Required action:
What is needed is an exact copy of the lines in the entries below from the one holding "AMANATRIAU.COM Dumai, 26" through the one holding "A perennial herb", pictures excluded.

Source material:
■ ■ ■
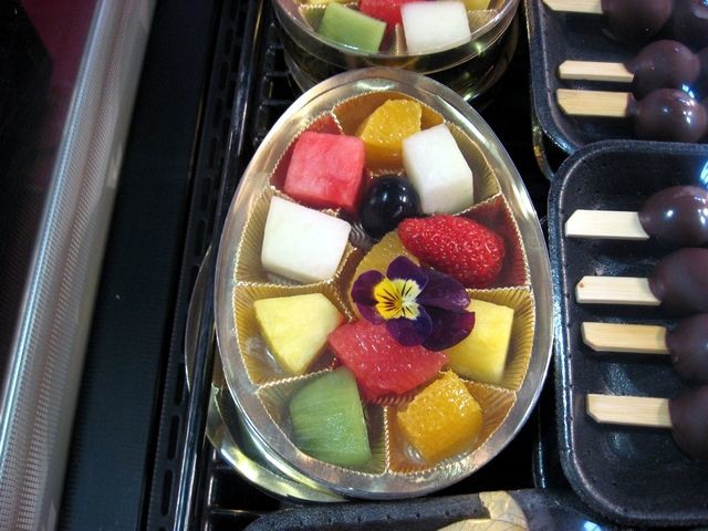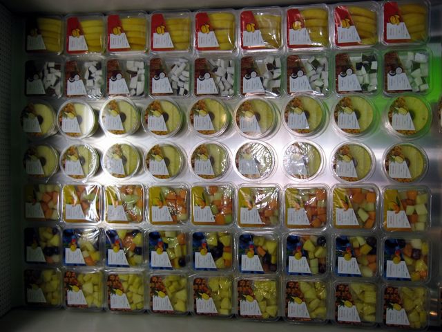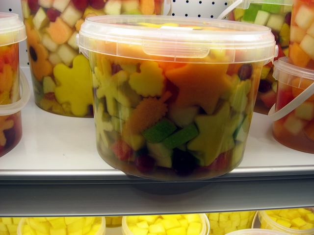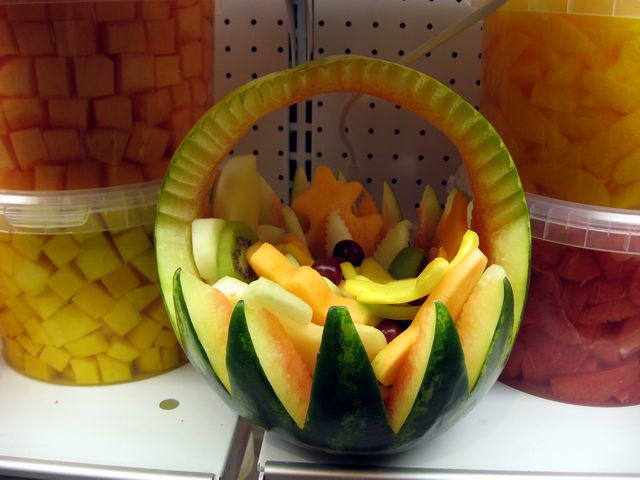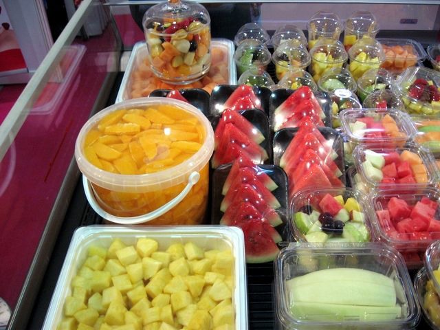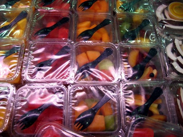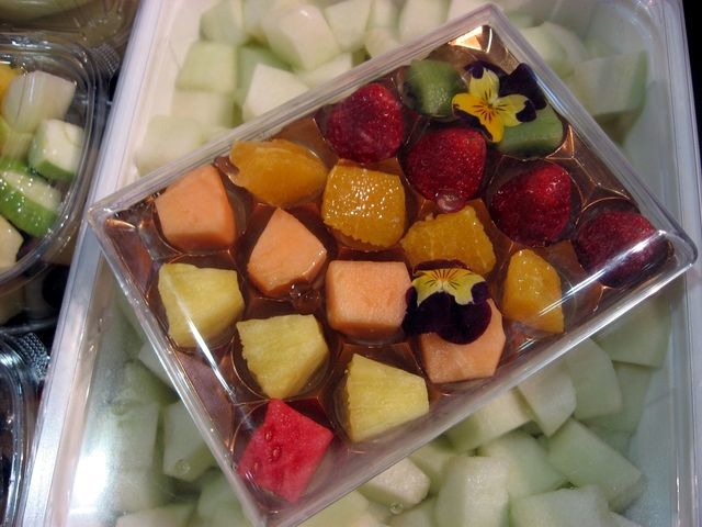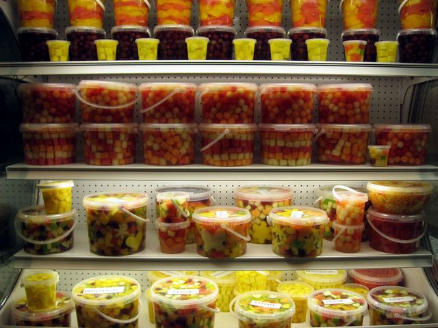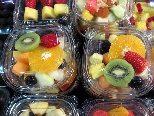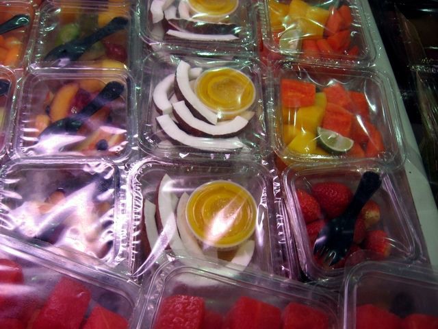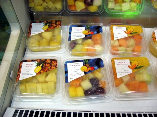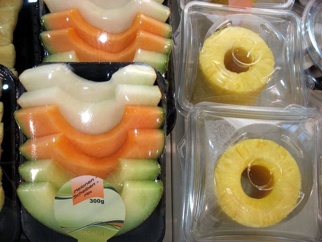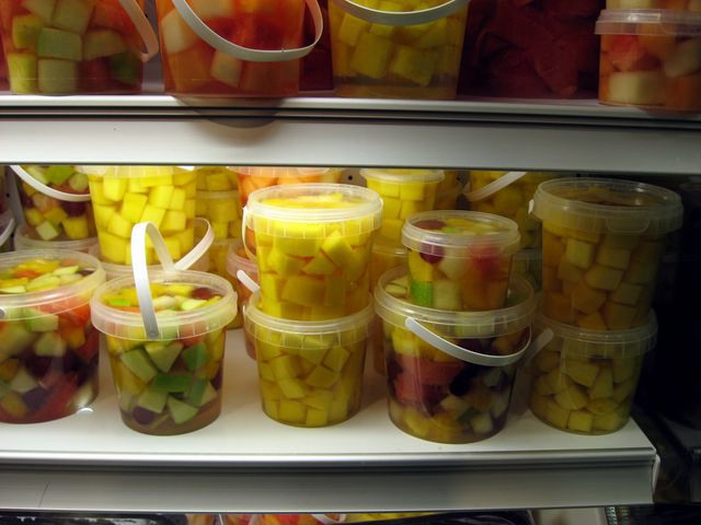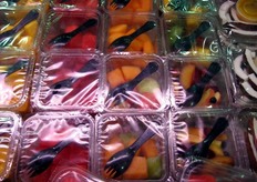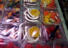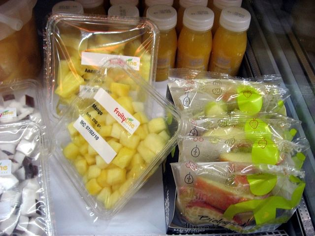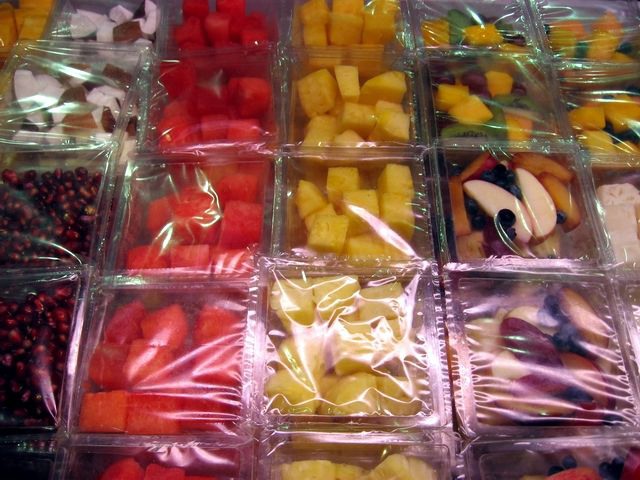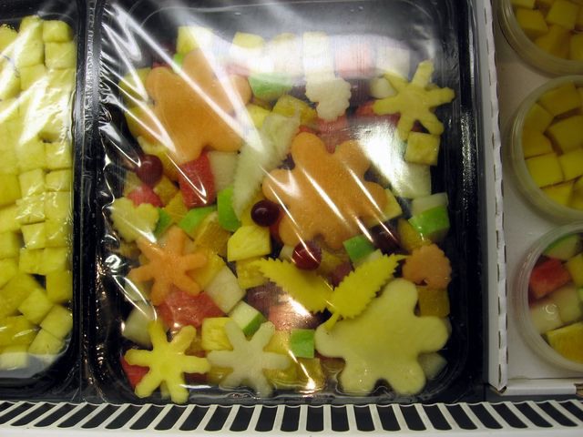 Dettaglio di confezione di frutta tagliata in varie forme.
■ ■ ■
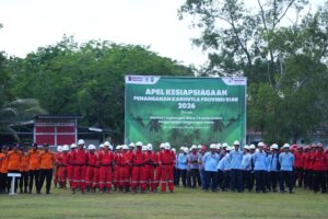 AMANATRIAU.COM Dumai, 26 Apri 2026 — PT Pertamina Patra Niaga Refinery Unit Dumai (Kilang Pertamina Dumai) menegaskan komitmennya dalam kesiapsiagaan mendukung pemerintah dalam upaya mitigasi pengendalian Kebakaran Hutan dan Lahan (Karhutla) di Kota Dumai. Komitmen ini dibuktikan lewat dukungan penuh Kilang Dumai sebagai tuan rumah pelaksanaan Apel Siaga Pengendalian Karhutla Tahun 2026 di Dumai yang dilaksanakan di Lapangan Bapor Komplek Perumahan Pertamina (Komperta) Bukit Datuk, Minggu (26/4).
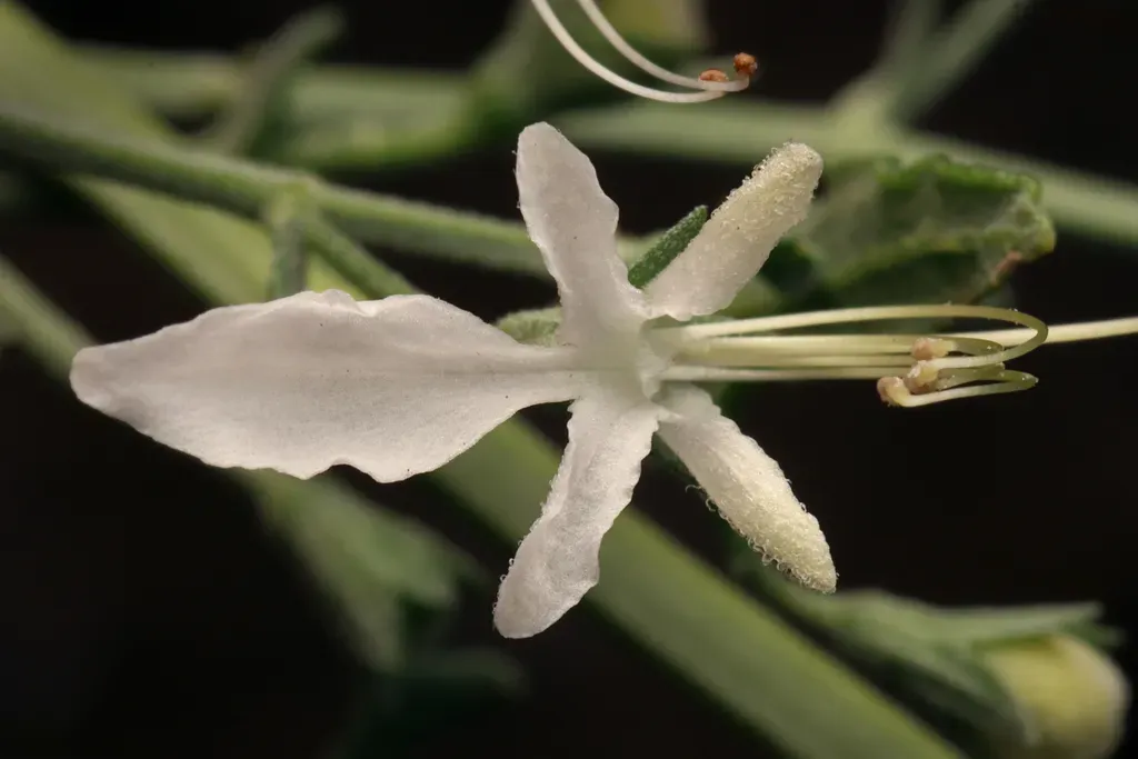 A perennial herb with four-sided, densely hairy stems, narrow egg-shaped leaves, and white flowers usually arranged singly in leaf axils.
■ ■ ■
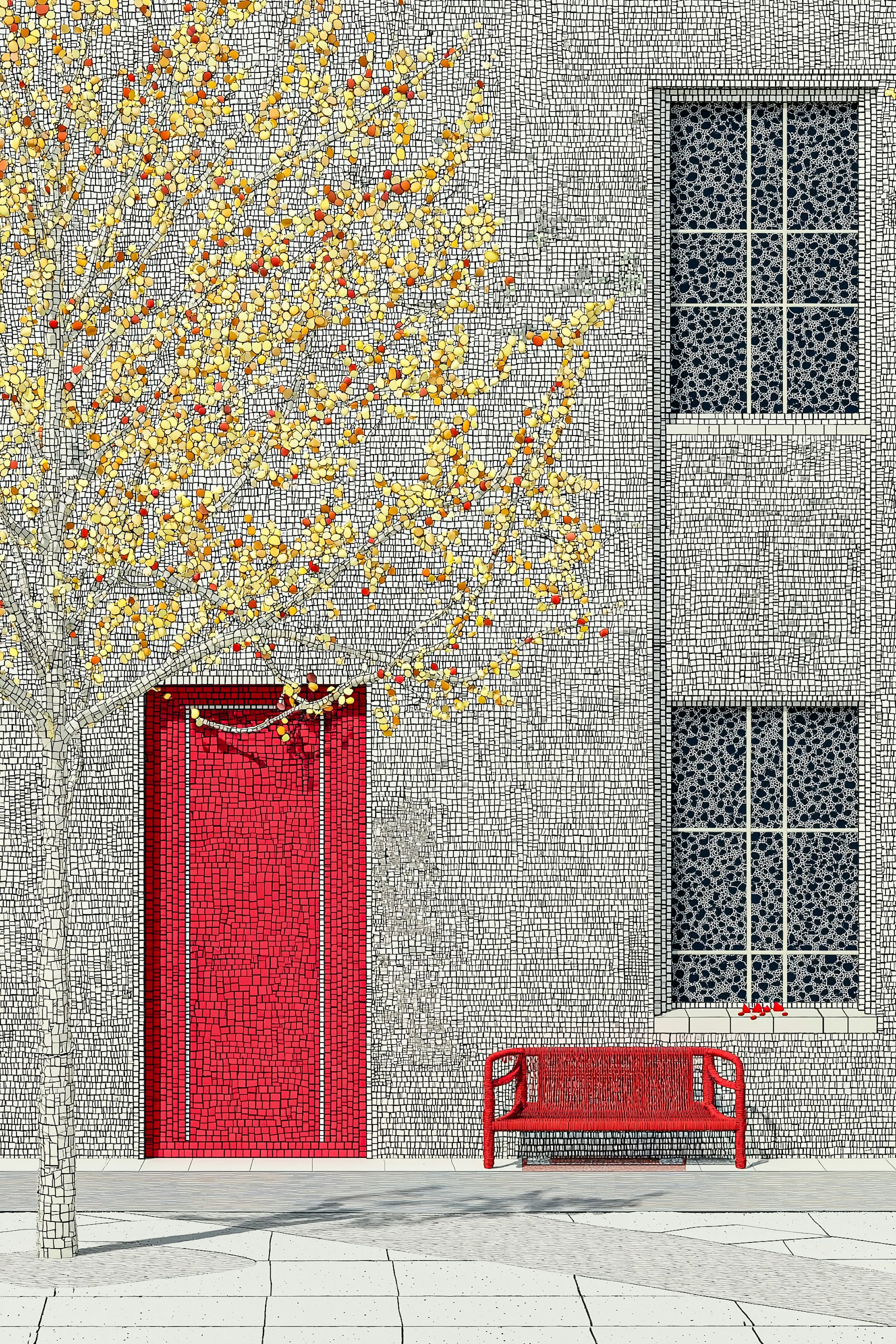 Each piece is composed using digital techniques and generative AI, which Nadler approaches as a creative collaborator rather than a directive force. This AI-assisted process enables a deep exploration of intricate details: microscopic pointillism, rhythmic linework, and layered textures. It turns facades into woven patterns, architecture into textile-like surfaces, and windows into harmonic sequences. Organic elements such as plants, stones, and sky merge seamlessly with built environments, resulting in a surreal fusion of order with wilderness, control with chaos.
■ ■ ■
Response to this exercise:
 AMANATRIAU.COM Dumai, 26 Apri 2026 — PT Pertamina Patra Niaga Refinery Unit Dumai (Kilang Pertamina Dumai) menegaskan komitmennya dalam kesiapsiagaan mendukung pemerintah dalam upaya mitigasi pengendalian Kebakaran Hutan dan Lahan (Karhutla) di Kota Dumai. Komitmen ini dibuktikan lewat dukungan penuh Kilang Dumai sebagai tuan rumah pelaksanaan Apel Siaga Pengendalian Karhutla Tahun 2026 di Dumai yang dilaksanakan di Lapangan Bapor Komplek Perumahan Pertamina (Komperta) Bukit Datuk, Minggu (26/4).
 A perennial herb with four-sided, densely hairy stems, narrow egg-shaped leaves, and white flowers usually arranged singly in leaf axils.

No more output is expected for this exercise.